Current Market Sentiment:Cautious
Gold is Negative Ahead of FOMC
The U.S. dollar rose higher before the FOMC meeting, and the price of gold fell yet again; however, the decline in the yield of US Treasuries restrained the decline in gold prices. Gold prices almost tested the 200-day moving average (DMA) at $1,840, and then quickly rebounded to the supply area of $1,870. At the time of writing, the price of gold had fallen by nearly 0.40% and right now it's hovering at a daily low of around US$1,860.
As market sentiment is mixed, boosting demand for market safe havens, the downside may see the slightest resistance. Investors are now seeking more information from the Fed, who starts its monetary policy meeting on Tuesday, with the results to be delivered tomorrow. The US retail sales report has regained momentum and attracted people's attention. Gold looked very distressed on Monday, falling from a high of $1,878.08 to a low of $1,844.63, or $1.8% or more than 33 USD. Relatively speaking, the US dollar has remained virtually unchanged.

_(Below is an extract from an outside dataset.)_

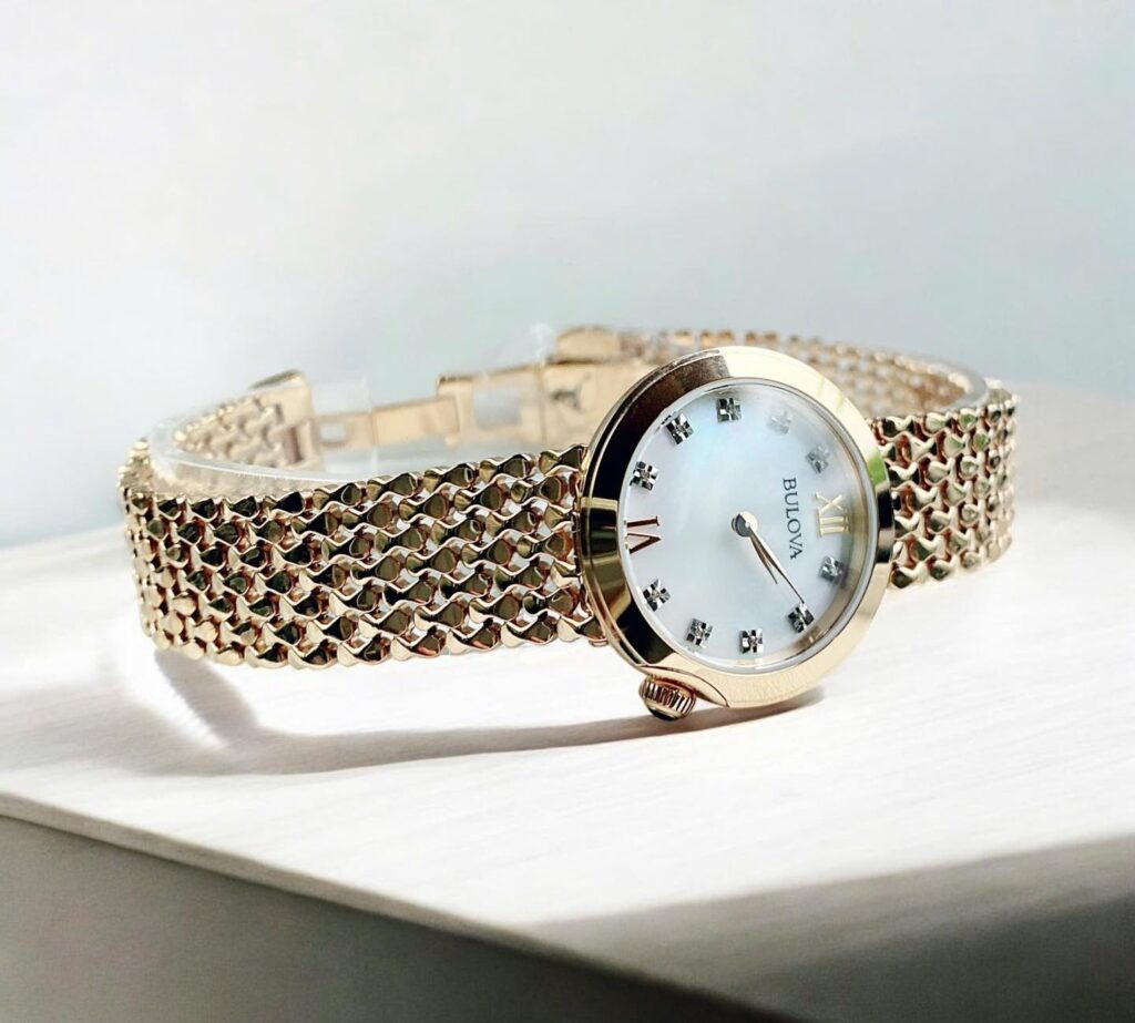 Đồng Hồ Bulova Chính Hãng Nữ 97P114 Diamond Gold Mesh Style Ladies Watch

According to DXY, the index remains unchanged and remains in the range of 90.4120 to 90.6010. As investors prepare for the Fed meeting this week, the U.S. dollar is consolidating after recording its biggest weekly gain since early May on Friday. As the U.S. stock market hit a record high since April, and the U.S. yield is showing a sideways trend, the Fed claims that high inflation will be temporary, which has put pressure on the U.S. dollar for several weeks.